Bill Ruthhart, writing for the Indianapolis Star, has an article on the relatively good natured razzing being directed to the Senate for canceling business on account of the looming Snowpocalypse, a/k/a, The White Death from Above. All 4 inches of it.
The razzing seemed to primarily take the form of northern types puffing out their chests and proclaiming “You call this snow? I’m from the North, and this ain’t nuthin!” (I paraphrase). The other form seems to be that of the rough and tumble House members making fun of the more genteel, and therefore weenie, culture of the Senate.
The decision to shut down the Senate boiled down to: 1) There was a lot of snow in the forecast; 2) There wasn’t a lot of business scheduled for Thursday; and 3) The Senate rules weren’t flexible enough to change the meeting time to an earlier time, allowing such business as there was to get done before the roads got too bad.
Having a Senate day scheduled without much business on the agenda makes the cynical mind start thinking of things like per diems, but I really have no idea.
Mike Kole says
I’m a northern type, and yes, I find the southern types to be wusses when it comes to snow, as we discussed the other day.
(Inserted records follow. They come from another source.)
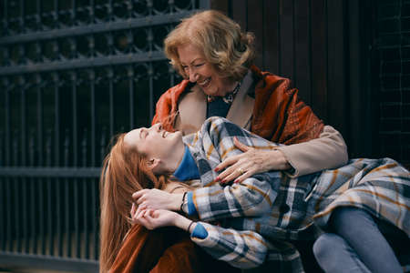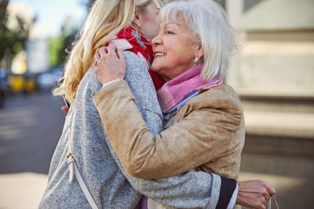 Grandmother and adolescent granddaughter are hugging during the walk on the street in cold weather.
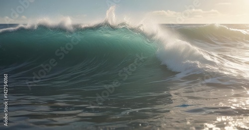 Sunlit abstract ocean, dynamic waves, frothy surf, ocean, digital, foam
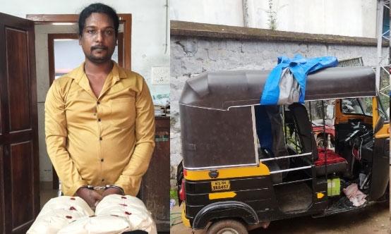 ഓട്ടോറിക്ഷയുടെ വിവിധ ഭാഗങ്ങളില് പൊതികളിലാക്കിയായിരുന്നു കഞ്ചാവ്
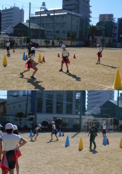 今日は、基本的な動きとなる「かわす動き」「フラッグを取ったり、取られないようにしたりする動き」の練習をしていました。
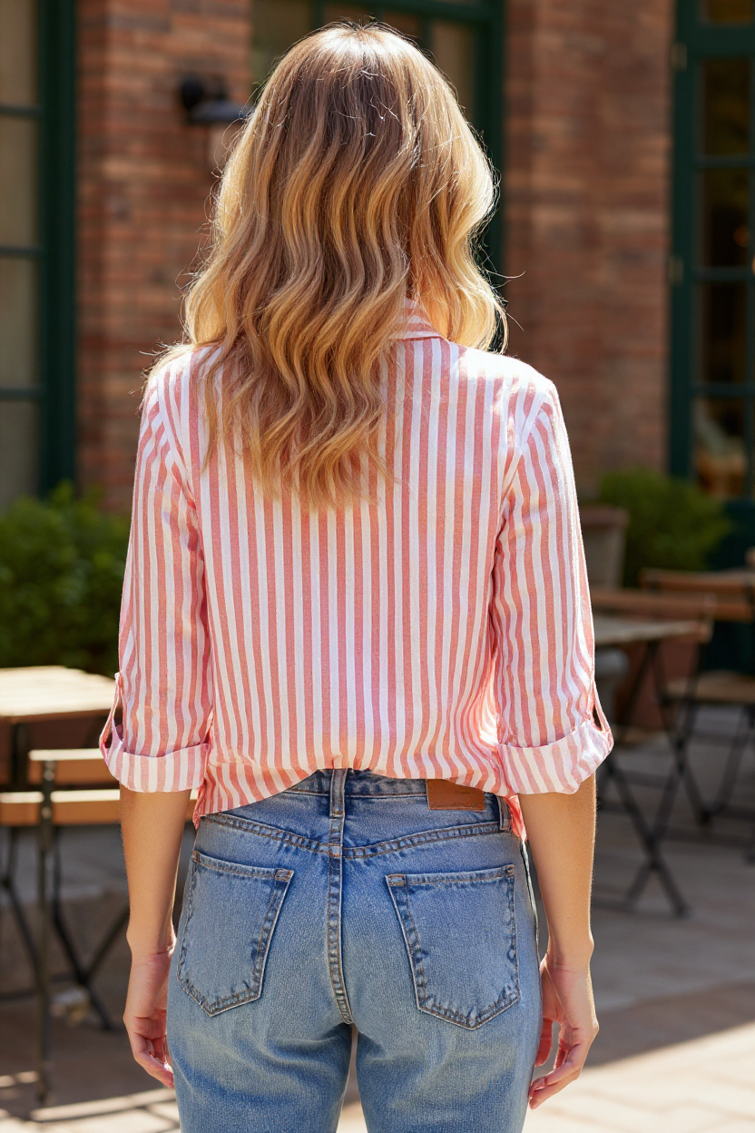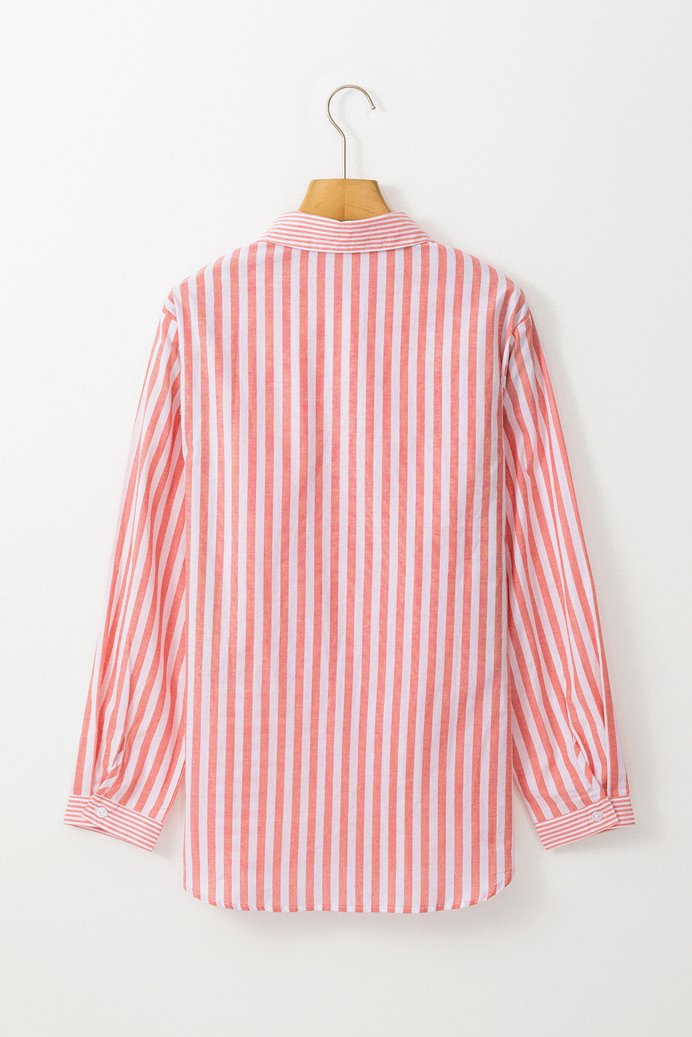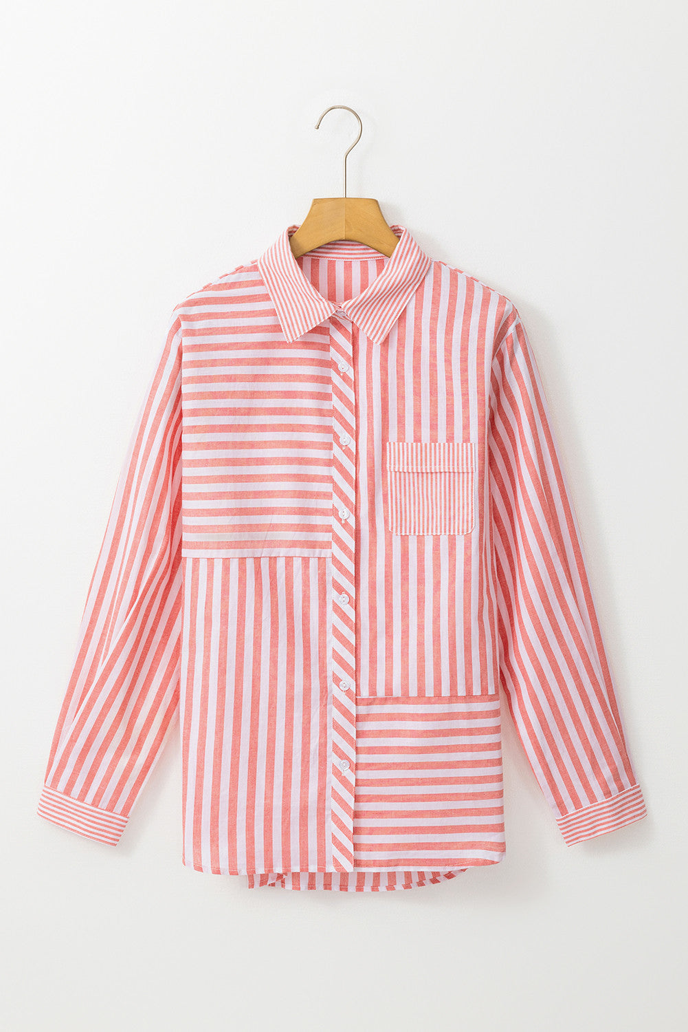 Bring a touch of relaxed elegance to your wardrobe with this timeless striped shirt. Its classic cut flatters all the silhouettes and ensures daily comfort. Equipped with a structured shirt collar, a button closure on the front and a rounded hem, it can be worn both in a dressed as relaxed. The patch pocket on the chest brings a modern and refined note that distinguishes this model from classic basics.
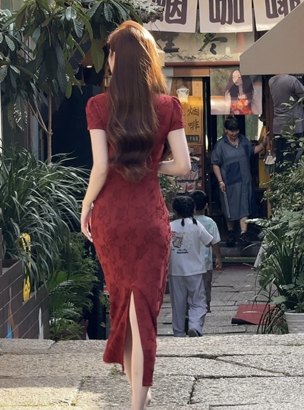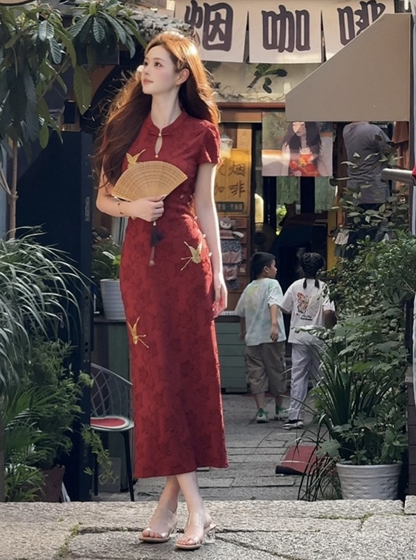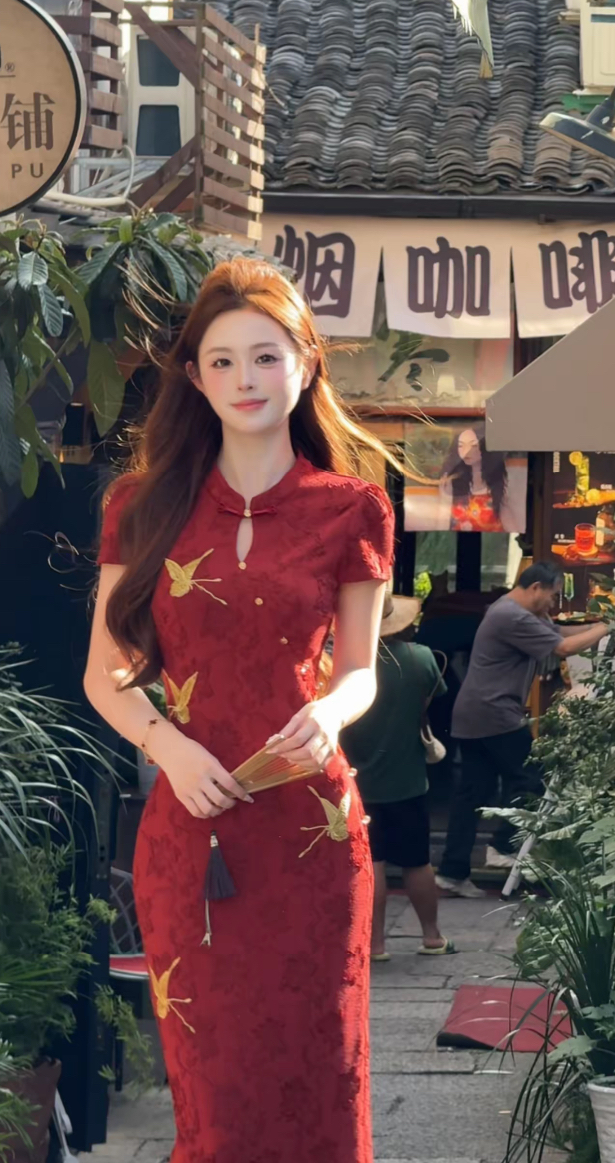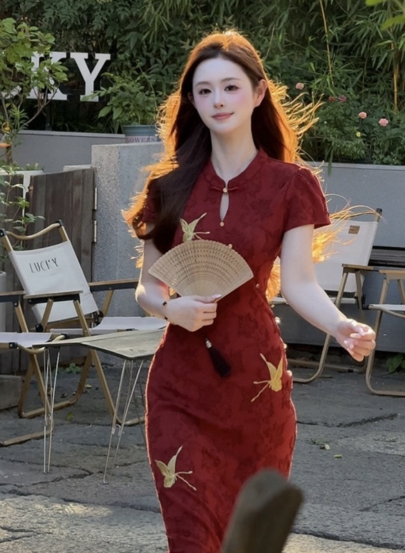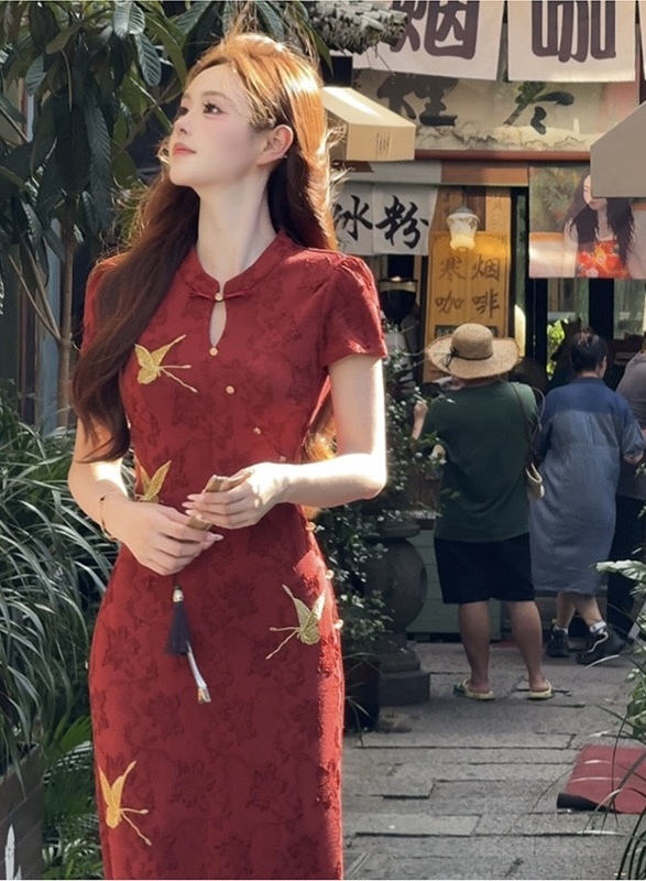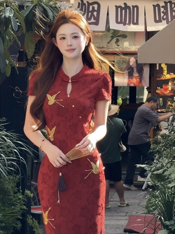 【振翅】新中式水滴领蝴蝶刺绣提花旗袍连衣裙
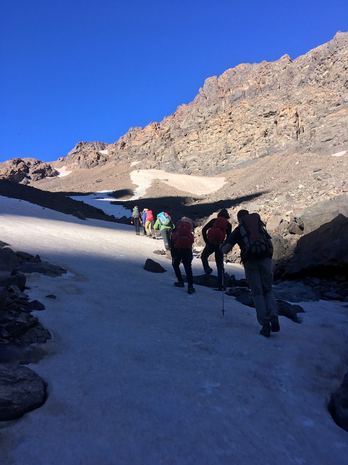 By 7am, we’d reached the first snow patch that we needed to cross. Back in the village, I’d been assured that there was no snow and no need for an ice axe. Against my better judgement, I’d left it behind, and now found myself wishing I’d still got it. It was only a short fully crossing, but a slip would have sent you a long way, with no chance of stopping. The snow was rock hard, so we laboriously kicked some shallow steps, and carefully spotted everyone across. It worked, but would have been a lot less stressful with an axe!
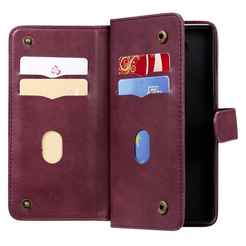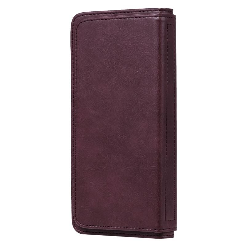 Για Sony Xpeira 8 Πολυλειτουργική μαγνητική χάλκινη πόρπη οριζόντια Flip αμιγούς χρώματος δερμάτινη θήκη με 10 υποδοχές για κάρτες & πορτοφόλι & θήκη & κορνίζα φωτογραφιών (κόκκινο κρασί)
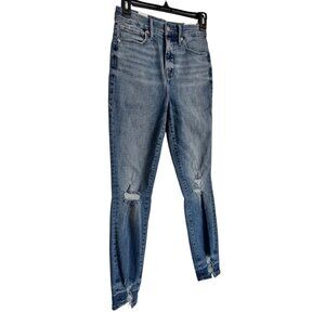 Good American Good Waist Crop Size 2/26 Medium Wash Distressed Legs NWT
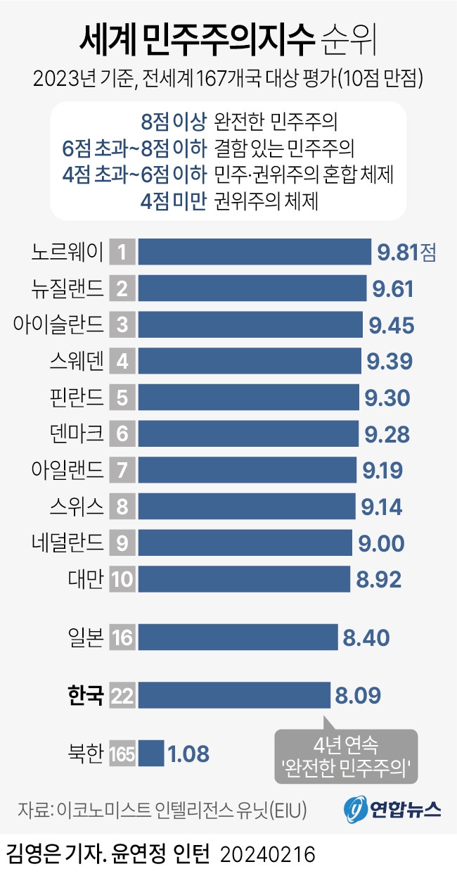 매년 조사되는 세계 민주주의 지수에서는 대한민국이 167개국 중 20위권으로 상위 목록에 속해있다.
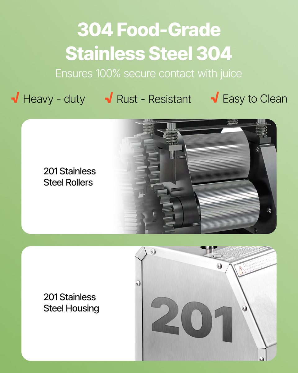 • Stainless Steel Construction: Crafted from thickened stainless steel, this sugar cane juice extractor is built to last and is easy to clean. It includes a 304 food-grade juice tray and fine filter screen for smooth, fresh juice without pulp or odor
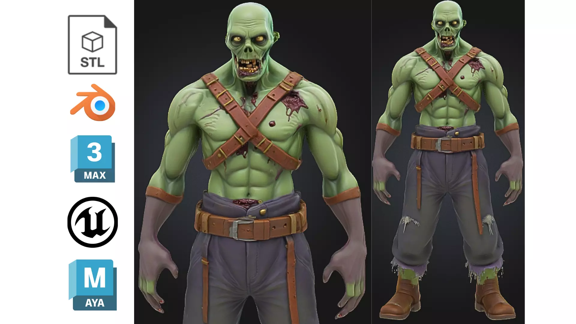 A stylized zombie brute character, perfect for horror, fantasy, or post-apocalyptic games and animations. This hulking undead is designed to serve as a durable melee enemy, background walker, or NPC in stylized or cartoony game worlds.
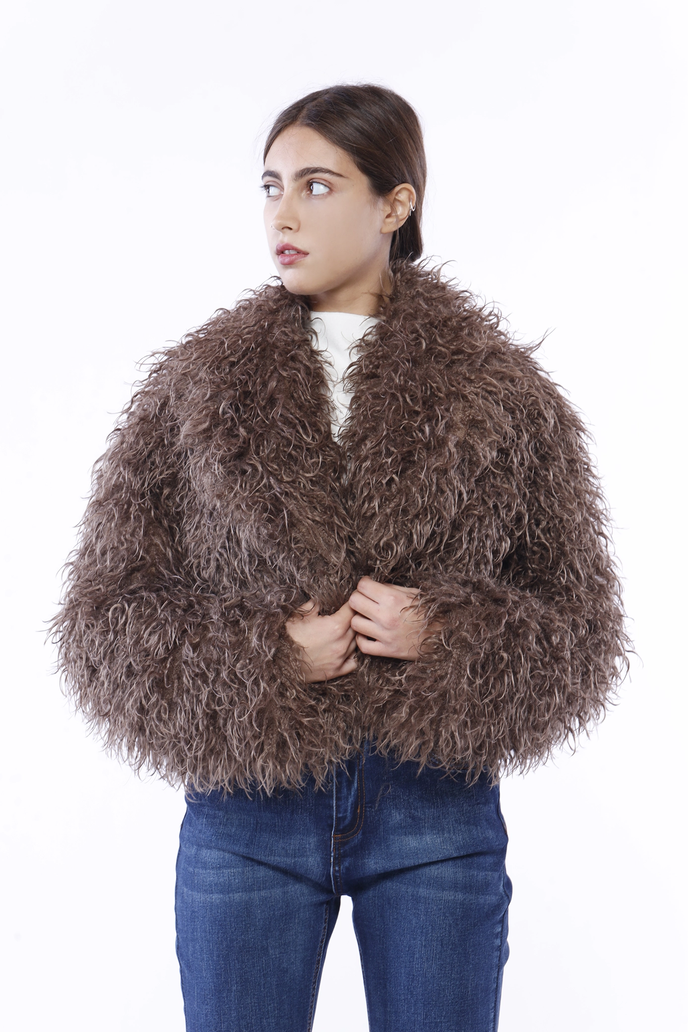 Pelliccia corta riccia di tendenza, moderna con collo reverse e chiusura a occhiello
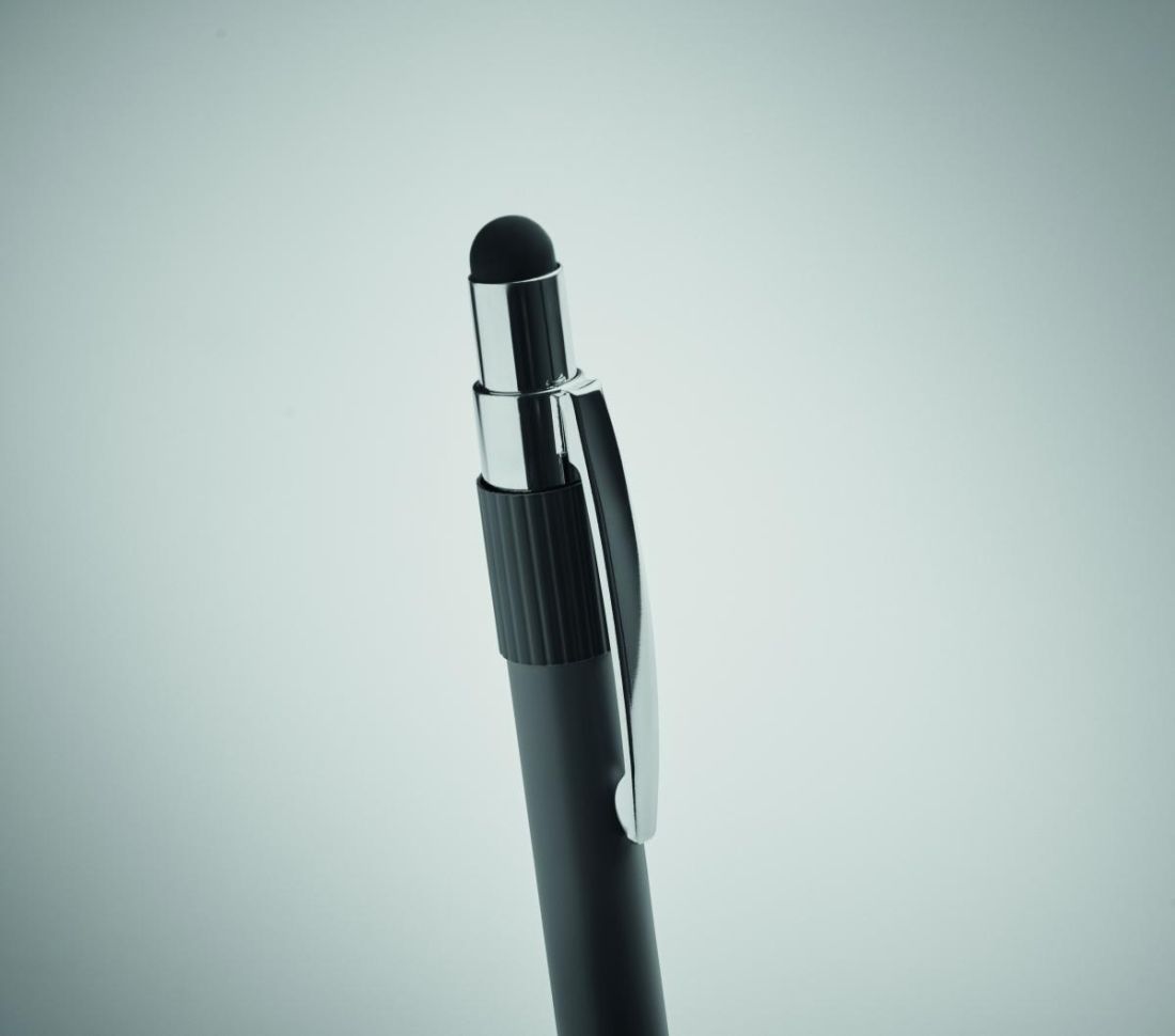 Bolígrafo spinner antiestrés de aluminio reciclado con pulsador. Tinta azul.
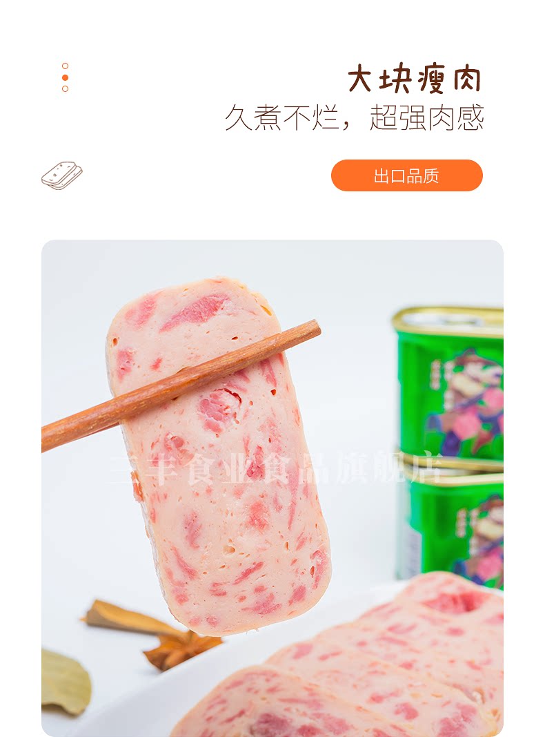 【90%的猪肉含量~】专注午餐肉30年,好吃到爆!满满肉粒看得见,不添加任何防腐剂!精选优质猪肉为材料,口感Q弹,不管是涮火锅,还是早餐煎着吃,贼好吃!超多吃法等你来解锁~比梅林好吃N一百倍!!

And, when I say southern types, I mean anything south of Fort Wayne. Honestly, I’ve never had such joke winters as the last seven- two in Indy, and five here in Fishers, and the clownish fishtail driving. There isn’t even ice on the ground! I would swear that I’m in Atlanta on the day of the freak snow squall… every single day of these light winters.
That chest thumpery now dispensed with, I thank the clouds above should it mean a day of session lost. That’s addition by subtraction. May the ‘southern wuss’ culture prevail! Let it snow!